But as saif by Lars, the problem here is that the nova-compute service can't be restarted after rebooting if you don't recreate the mdevs or removing the guests.

Revision history for this message

melanie witt (melwitt) wrote on 2021-04-17:

Hm, OK, I was thinking about shelve offloading after an unexpected reboot. AFAICT the placement allocations should remain after a reboot, so if you shelve offload, it will remove the placement allocations and then I was thinking the unshelve would recreate the placement allocations and mdevs when recreating the virt domain.

I take it that this is not actually what happens in practice?

Revision history for this message

Lars Erik Pedersen (pedersen-larserik) wrote on 2021-04-19:

Correct Melanie. Shelving after an unexpected reboot won't work, because it will require nova-compute to actually start to succeed.

Revision history for this message

Sylvain Bauza (sylvain-bauza) wrote on 2021-08-04:

#10

I had other stuff to do so I stopped to work on this bugfix, but I'm now working on using init_instance() as we discussed here https://meetings.opendev.org/irclogs/%23openstack-nova/%23openstack-nova.2021-05-05.log.html

Revision history for this message

norman shen (jshen28) wrote on 2021-09-06:

#11

IMO, I think this issue deserves higher importance...

Revision history for this message

James Gibson (jamesgibo) wrote on 2021-09-10:

#12

I also think this should have a higher importance, especially as the bug means that the nova-compute service fails to start.

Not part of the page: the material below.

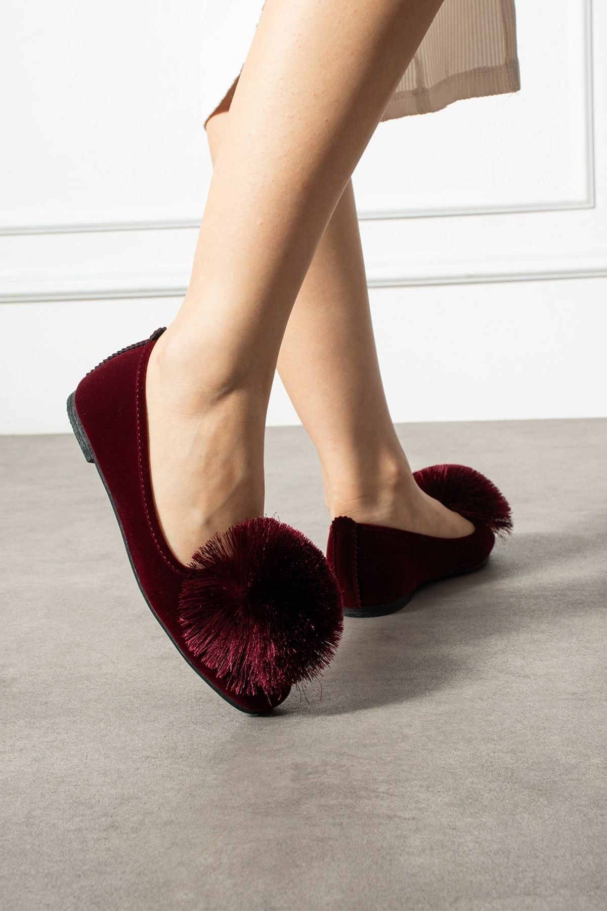 Siona Bordo Ponponlu Kadife Dokulu Elegant Nişan Çeyiz Bohça Misafir Ev Babeti

Revision history for this message

James Gibson (jamesgibo) wrote on 2021-09-13:

#13

Related bug report about: Persisting mediated devices on reboot
https://bugzilla.redhat.com/show_bug.cgi?id=1699274

Revision history for this message

OpenStack Infra (hudson-openstack) wrote on 2021-09-21: Fix proposed to nova (master)

#14

Fix proposed to branch: master
Review: https://review.opendev.org/c/openstack/nova/+/810220

Revision history for this message

norman shen (jshen28) wrote on 2021-09-22:

#15

1. libvirt 7.3 allows to define nodedev device
2. libvirt 6.5 starts to use mdevctl for handling mdev device
3. libvirt 7.6 adds support to autostart nodedev device but requires udev event which might need some work for containerized deployment

Revision history for this message

zrsolis (zrsolis) wrote on 2021-09-30:

#16

I've run in to this same issue using an Nvidia RTX A5000, however the Ampere cards present an additional issue. The SR-IOV VFs that the MDEVs use are not persisted after reboot either. I've worked around this by having a system service run before nova-compute to run the sriov-manage command provided by Nvidia to enable the VFs. I used "mdevctl define" to persist the mdev definitions and this has worked for me.

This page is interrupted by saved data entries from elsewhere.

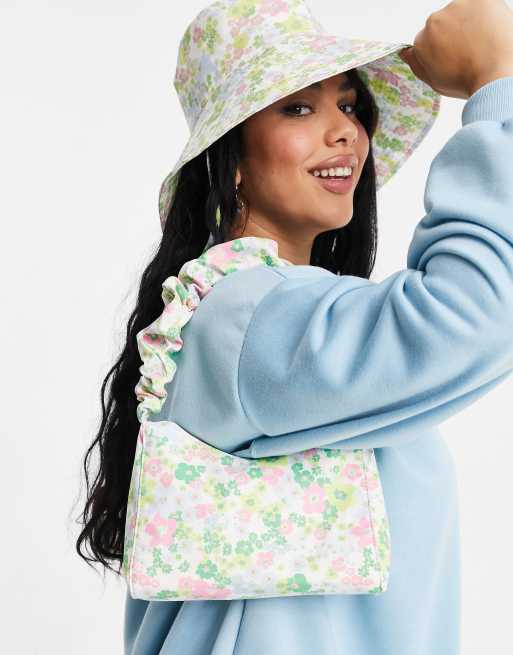 ASOS DESIGN – Schultertasche mit gerüschtem Riemen und Blümchenmuster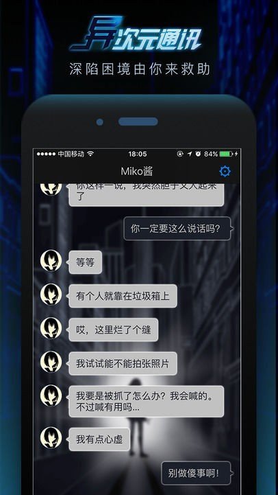 异次元通讯官网版是一款充满冒险与刺激的即时通讯娱乐手游,不仅画面精美,题材新颖,以丰富的剧情,独特的实时通讯模式,全方位讲述主角在开启逃亡过程中,仅能通过通讯功能跟你取得联系的对话方式来逐步了解事件的来龙去脉,帮助主角求生的冒险故事之旅。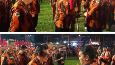 SERAHKAN: H Musa Rajekshah saat menyerahkan pataka kepada Junaidi (atas). Dan bawah, Sekwil MPW PP…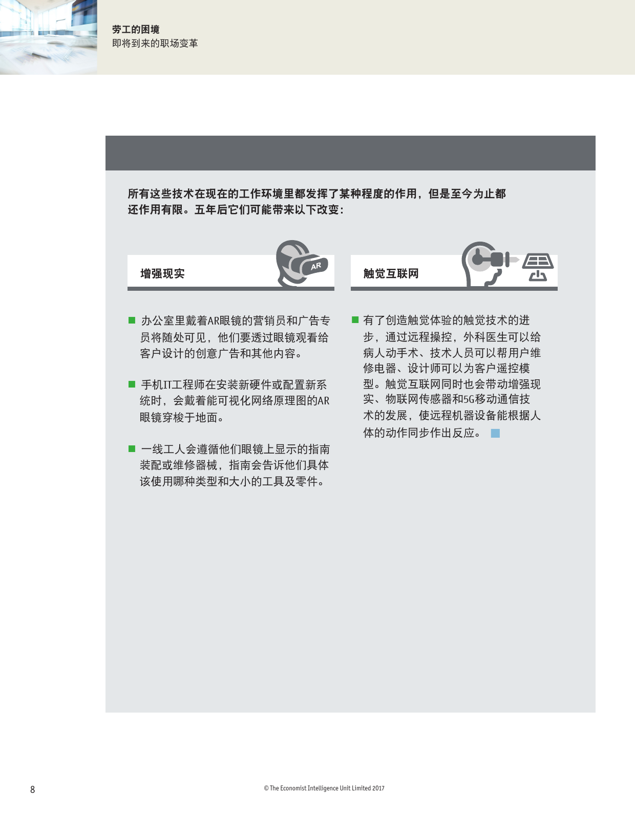 当前,技术创新正改变人类生活和工作方式。人工智能、网络化传感器、增强现实(AR)等技术被认为将在未来十年大幅提升工作效率。

Revision history for this message

Lars Erik Pedersen (pedersen-larserik) wrote on 2021-10-01:

#17

@zrsolis: We had to work aorund the SR-IOV issue as well, with the A100. Did it even easier with just a simple:

@reboot /usr/lib/nvidia/sriov-manage -e ALL

in root's crontab.

Works like a charm. I've actually been in contact with Nvidia Enterprise Support about persisting VFs over a reboot, and this was the only solution they came up with (which we actually implemented before we asked them anyways..)

Revision history for this message

Dmitriy Rabotyagov (noonedeadpunk) wrote on 2022-03-10:

#19

But sriov-manage -e ALL doesn't re-create mdev devices with same UUIDs - it just activate virtual functions?

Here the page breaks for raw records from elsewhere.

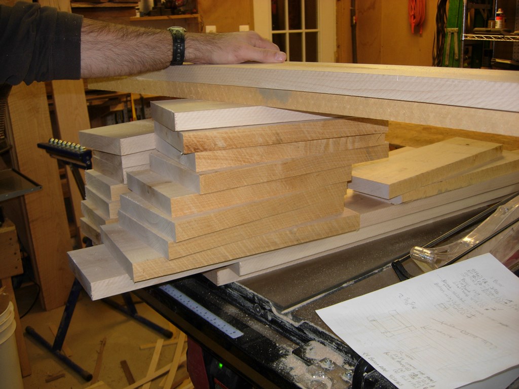 Working from my highly detailed sketch (above…) I proceeded to also cut the 4″ and 5″ parts to a rough length. After looking at the pile of stuff that I have to rip and resaw, I decided to call it a night. Hopefully I will be able to get that done today, and glue up the rest of the panels.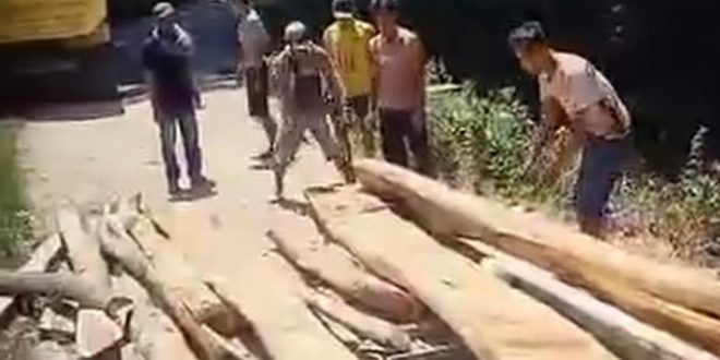 Warga bersama para pengemudi lokal kemudian berinisiatif memasang material kayu berukuran besar untuk membuat konstruksi darurat agar kendaraan roda empat kembali bisa melewati jalur tersebut. Upaya ini dilakukan secara kolektif di lapangan tanpa menunggu proyek perbaikan resmi.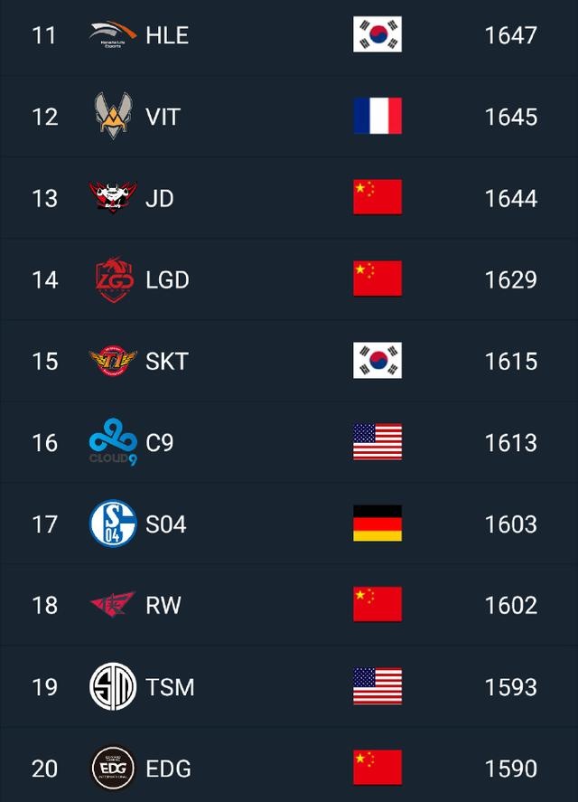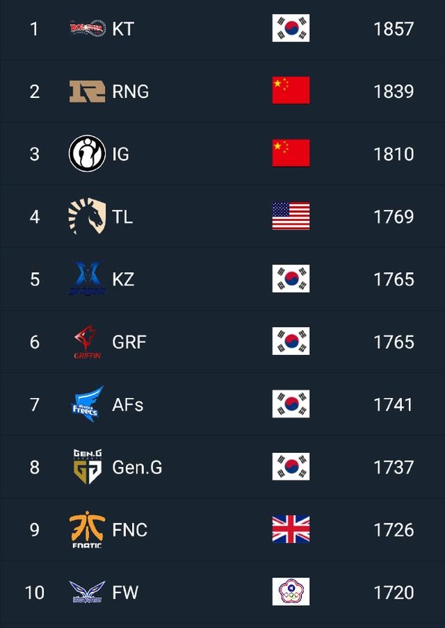英雄联盟最新战队排行榜:RNG从第11名飞升至第2名

At least I don't have mdev devices after sriov-manage, so need to re-create them on A10. Maybe with MIG mode this does work though...

Revision history for this message

sean mooney (sean-k-mooney) wrote on 2022-03-10:

#20

so the expecation here is that nova will creat the mdevs automatically on host reboot
there is justa bug in our currnt code.
you as an operator should not have to use mdevctl or any other host tooling to persist them.

we also dont support the use of mdevctl to precreat the mdevs today
if we want to move to that model we need to signifcatly change how we manage mdevs today.

Revision history for this message

Lars Erik Pedersen (pedersen-larserik) wrote on 2022-03-10:

#21

@noonedeadpunk: sriov-manage does not create mdevs at all. It creates the SR-IOV VFs that you later can create mdevs on. So it's a prerequisite that imho nova should just assume is in place. I once tried to as Nvidia Enterprise Support for "fix" for this, but all they came up with was exactly the same @reboot cronjob-hack I already had in place.

MIG mode is still something nova does not support, I guess?

Revision history for this message

OpenStack Infra (hudson-openstack) wrote on 2022-08-02:

#22

Fix proposed to branch: master
Review: https://review.opendev.org/c/openstack/nova/+/851924

Changed in nova:
status:	Confirmed → In Progress

Revision history for this message

sean mooney (sean-k-mooney) wrote on 2022-08-10:

#23

"MIG mode is still something nova does not support, I guess?"

no nova support mig mode but we expect that you use udev or systemd services or other tolling to precreate the VFs sriov-manage or other tooling liek nvidia's mig-parted tool.

we have tested using mig backed mdevs downstream.

nova will create teh mdevs on teh VFs but you need to list the VFs not the PF in nova's config

Revision history for this message

John Garbutt (johngarbutt) wrote on 2022-10-21:

#24

it would be nice if the error message here described the details of what is missing, and saying it should be a udev rule, etc.

Revision history for this message

OpenStack Infra (hudson-openstack) wrote on 2022-11-14:

#25

Fix proposed to branch: master
Review: https://review.opendev.org/c/openstack/nova/+/864418